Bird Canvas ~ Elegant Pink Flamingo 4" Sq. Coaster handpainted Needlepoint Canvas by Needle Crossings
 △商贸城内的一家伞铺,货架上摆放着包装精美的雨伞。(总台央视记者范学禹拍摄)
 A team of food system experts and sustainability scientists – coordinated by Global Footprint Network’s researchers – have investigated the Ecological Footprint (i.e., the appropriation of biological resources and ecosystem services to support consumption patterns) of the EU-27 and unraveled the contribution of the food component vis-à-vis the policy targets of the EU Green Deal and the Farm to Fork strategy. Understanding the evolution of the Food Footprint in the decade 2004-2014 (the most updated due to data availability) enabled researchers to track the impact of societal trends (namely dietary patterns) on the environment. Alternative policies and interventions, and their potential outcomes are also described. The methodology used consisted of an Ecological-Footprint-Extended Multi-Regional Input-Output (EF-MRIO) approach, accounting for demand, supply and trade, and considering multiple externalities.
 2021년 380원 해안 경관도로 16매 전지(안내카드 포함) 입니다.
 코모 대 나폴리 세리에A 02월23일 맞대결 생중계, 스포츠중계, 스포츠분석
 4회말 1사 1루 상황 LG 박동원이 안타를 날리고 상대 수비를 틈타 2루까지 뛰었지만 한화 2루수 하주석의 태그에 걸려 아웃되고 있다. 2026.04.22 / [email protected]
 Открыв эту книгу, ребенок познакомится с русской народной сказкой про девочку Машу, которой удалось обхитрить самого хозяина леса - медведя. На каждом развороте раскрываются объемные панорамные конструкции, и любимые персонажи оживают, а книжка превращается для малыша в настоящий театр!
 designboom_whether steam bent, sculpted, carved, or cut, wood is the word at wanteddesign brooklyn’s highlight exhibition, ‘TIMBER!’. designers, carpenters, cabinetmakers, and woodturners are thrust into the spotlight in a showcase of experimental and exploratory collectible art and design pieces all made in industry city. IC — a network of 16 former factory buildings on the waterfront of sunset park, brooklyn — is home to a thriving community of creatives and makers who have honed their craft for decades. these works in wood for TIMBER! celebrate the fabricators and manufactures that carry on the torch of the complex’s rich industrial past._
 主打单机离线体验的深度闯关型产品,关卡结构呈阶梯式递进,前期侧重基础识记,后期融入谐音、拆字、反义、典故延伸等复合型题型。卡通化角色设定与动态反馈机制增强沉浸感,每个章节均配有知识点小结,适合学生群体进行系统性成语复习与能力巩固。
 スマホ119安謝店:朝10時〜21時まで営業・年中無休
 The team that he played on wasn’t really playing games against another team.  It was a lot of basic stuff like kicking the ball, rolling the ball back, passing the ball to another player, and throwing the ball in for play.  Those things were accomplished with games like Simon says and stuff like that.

※

Within the entries above, work out how many lines contain the word "that". The number alone is the answer.

2